Мои пальцы невольно стиснули карточную колоду.

— Нет, — помотала я головой. — Кстати, эти карты никакого будущего не предсказывают, они только для игры. Это самые обыкновенные игральные карты. Да и я ничего такого не умею. Бабушка никогда бы не позволила мне заниматься подобными вещами.

— Ой, а попробуй мне что-нибудь предсказать!

— Но это же игральные карты! — возразила я. — Да и я не гадалка.

— А ты просто вытащи одну карту и скажи мне, что она означает, — настаивала Элизабет. — И для Жанны то же самое. Может, мы узнаем, что с ней будет дальше? Тебе ведь и самой интересно, правда?

— Только учти, эти карты ничего не значат, — заметила я, поворачиваясь к Жанне. — Я принесла их, только чтобы поиграть.

— Они очень красивые! — восхитилась она. — Меня при дворе учили играть в карты. Те тоже были яркие, вроде этих.

Передавая ей колоду, я предупредила:

— Аккуратно, они очень дорогие.

Пока она тасовала карты своими мозолистыми руками, я довольно ревниво следила за этим и продолжала:

— Демуазель показала мне эти карты, когда я была еще совсем маленькой, объяснила, как называется та или иная картинка, и научила разным играм. Она и теперь позволяет мне иногда брать их, ведь я очень люблю в них играть. Но я дала ей честное слово, что буду обращаться с ними очень бережно.

Жанна тут же вернула мне колоду, и я с готовностью протянула за ней руку, но при всей нашей осторожности одна из плотных тяжелых карт все-таки выпала из колоды на траву рубашкой вверх.

— Ох, извини! — воскликнула Жанна и быстро подхватила карту.

И вдруг по спине у меня пробежал холодок, а в ушах раздался тихий шепот. Луг передо мной, на котором коровы в тени дерева махали хвостами, прогоняя надоедливых мух — все это как бы отодвинулось от меня, и я вместе с Жанной оказалась отгороженной от реальной жизни некими тонкими стенками, точно угодив внутрь стеклянного сосуда, а может, и в иной мир.

— Ты бы все-таки взглянула, что там, на этой карте, — услышала я собственный голос и с изумлением поняла, что обращаюсь к Жанне.

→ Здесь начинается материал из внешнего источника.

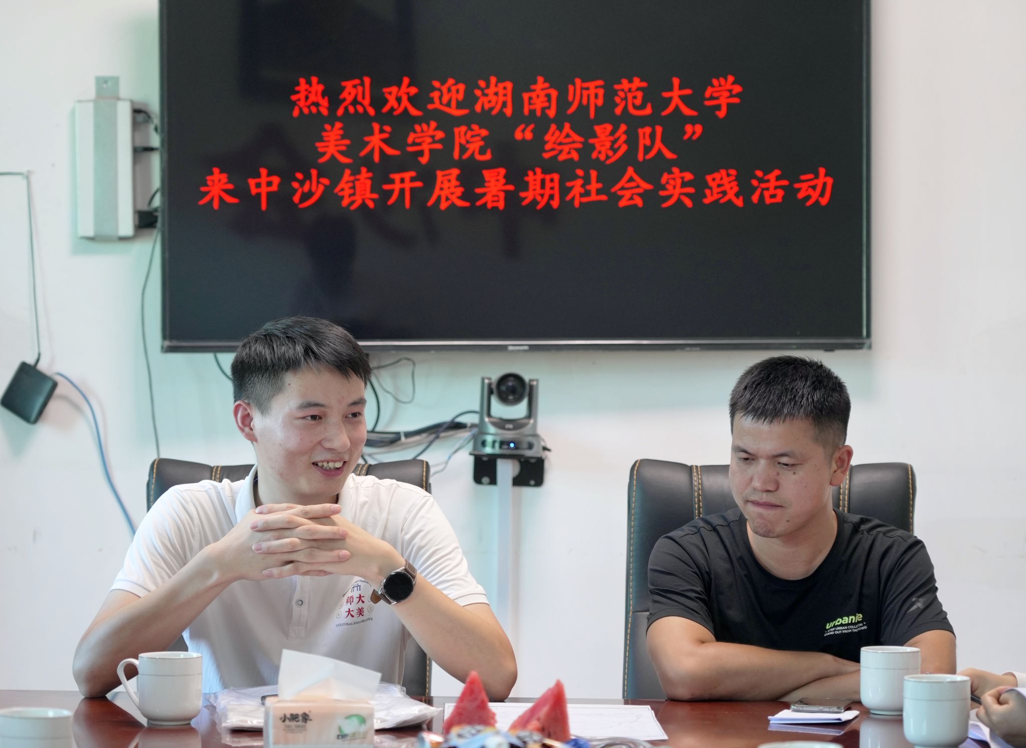 (通讯员 庄栩乐 陈俊宇)7月9日下午,为加强乡村美育,以实际行动助力乡村振兴,探究文化产业赋能乡村振兴的作用,allwincity万象城官方网站绘影队抵达湖南省湘乡市中沙镇公略村开展暑期社会实践活动,并与当地政府干部共同举行见面会。中沙镇党委副书记、镇长黄丽平,湘乡市红色教育发展中心主任武文渡,湖南省2023届选调生、中沙镇中沙村党总支书记助理闻小康参加会议。

Она посмотрела на карту, и глаза ее слегка расширились от удивления. Показав мне яркую картинку, она спросила:

— И что это значит?

На карте был изображен человек в голубой ливрее, подвешенный вниз головой за одну ногу; вторая нога была слегка согнута, и ее большой палец касался второй, вытянутой ноги; было такое ощущение, словно человек танцует в воздухе, повиснув вверх тормашками. Руки его были соединены за спиной, как во время поклона. Мы обе обратили внимание на то, как весело разлетаются его синие волосы, как радостно он улыбается, болтаясь вот так, вниз головой.

— «Le Pendu», [«Повешенный» (фр.).] — прочла Элизабет. — Какой ужас! Что это означает, Жакетта? Ведь это же не значит, что…

Она осеклась.

— Это вовсе не значит, что тебя повесят, — быстро сказала я Жанне. — Даже не думай об этом. Повторяю: это просто игральные карты, не стоит обращать внимание на подобные глупости.

— Но все-таки что-то она, наверное, значит? — снова встряла Элизабет, хотя сама Жанна молчала, будто это вовсе не она вытащила карту, будто это была не ее судьба, будто она и не стремилась выяснить свое будущее, которое теперь я пыталась загладить.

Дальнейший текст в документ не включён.